Das Gericht führte hierzu aus, dass eine Befristung ohne Sachgrund gem. § 14 Abs. 2 TzBfG zwar nicht zulässig sei, wenn mit demselben Arbeitgeber bereits zuvor ein befristetes oder unbefristetes Arbeitsverhältnis bestanden habe; allerdings sei nach Auffassung des Bundesverfassungsgerichts (BVerfG, 6.6.2018, 1 BvL 7/14; 1 BvL 7/14; 1 BvR 1375/14) und im Nachgang des Bundesarbeitsgerichts (u. a. Urteil v. 21.8.2019, 7 AZR 452/17) ein Verbot der sachgrundlosen Befristung bei nochmaliger Einstellung bei demselben Arbeitgeber unzumutbar, wenn eine Gefahr der Kettenbefristung in Ausnutzung der strukturellen Unterlegenheit der Beschäftigten nicht bestehe und das Verbot der sachgrundlosen Befristung nicht erforderlich sei, um das unbefristete Arbeitsverhältnis als Regelbeschäftigungsform zu erhalten. Dies könne z. B. dann der Fall sein, wenn eine Vorbeschäftigung sehr lang zurückliege, ganz anders geartet oder von sehr kurzer Dauer gewesen sei. Die Fachgerichte könnten und müssten in derartigen Fällen durch verfassungskonforme Auslegung den Anwendungsbereich von § 14 Abs. 2 Satz 2 TzBfG einschränken.
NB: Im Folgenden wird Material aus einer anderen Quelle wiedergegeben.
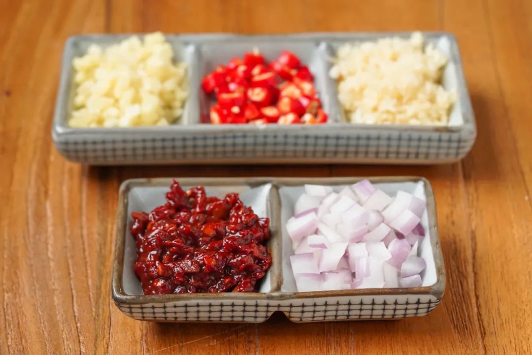 4. 3根小米椒洗净去蒂切圈,4瓣大蒜切成蒜泥,3片姜切成姜末,1撮小葱切成葱花,四分之一个洋葱切碎。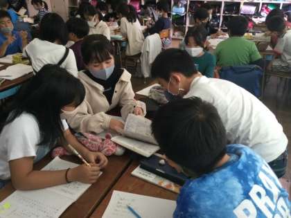 漢和辞典で調べ、意見交換をしながら学習を進めています。

Im vorliegenden Fall lag nach Auffassung des LAG die Vorbeschäftigung der Klägerin "sehr lang zurück" im Sinne der Rechtsprechung des Bundesverfassungsgerichts und des Bundesarbeitsgerichts. Insbesondere aufgrund der Entscheidung des BAG vom 21.8.2019, 7 AZR 452/17 (22 Jahre zwischen erstem und zweitem Vertrag sei "sehr lang") und 17.4.2019, 7 AZR 323/17 (15 Jahre zurückliegend sei lange, jedoch noch nicht "sehr lang") gebiete es, vorliegend aufgrund verfassungskonformer Auslegung des § 14 Abs. 2 Satz 2 TzBfG, diese Vortätigkeit nicht anzuwenden; denn bei 17 Jahren und 3 Monaten zwischen den beiden Verträgen sei auch im Hinblick auf die Nichtausschöpfung des 1. Vertrages durch Aufhebung des Vertrages auf Betreiben der Klägerin keine Gefahr der Kettenbefristung gegeben.
Hinweis:
Ob das BAG (sollte die Nichtzulassungsbeschwerde Erfolg haben) eine Zeitspanne von 17 Jahren und 3 Monaten ausreichen lässt, bleibt abzuwarten; denn im Urteil des BAG vom 17.4.2019 (7 AZR 323/17) hat es angedeutet, zukünftig auf das Eingreifen der längstmöglichen gesetzlichen Kündigungsfrist gem. § 622 BGB abzustellen; dies wäre jedoch eine Unterbrechung von 20 Jahren. Ob es für die Bewertung ausschlaggebend sein könnte, dass – wie im vorliegenden Fall – das Vorbeschäftigungsverhältnis auf Betreiben der Klägerin aufgelöst wurde, ist völlig offen.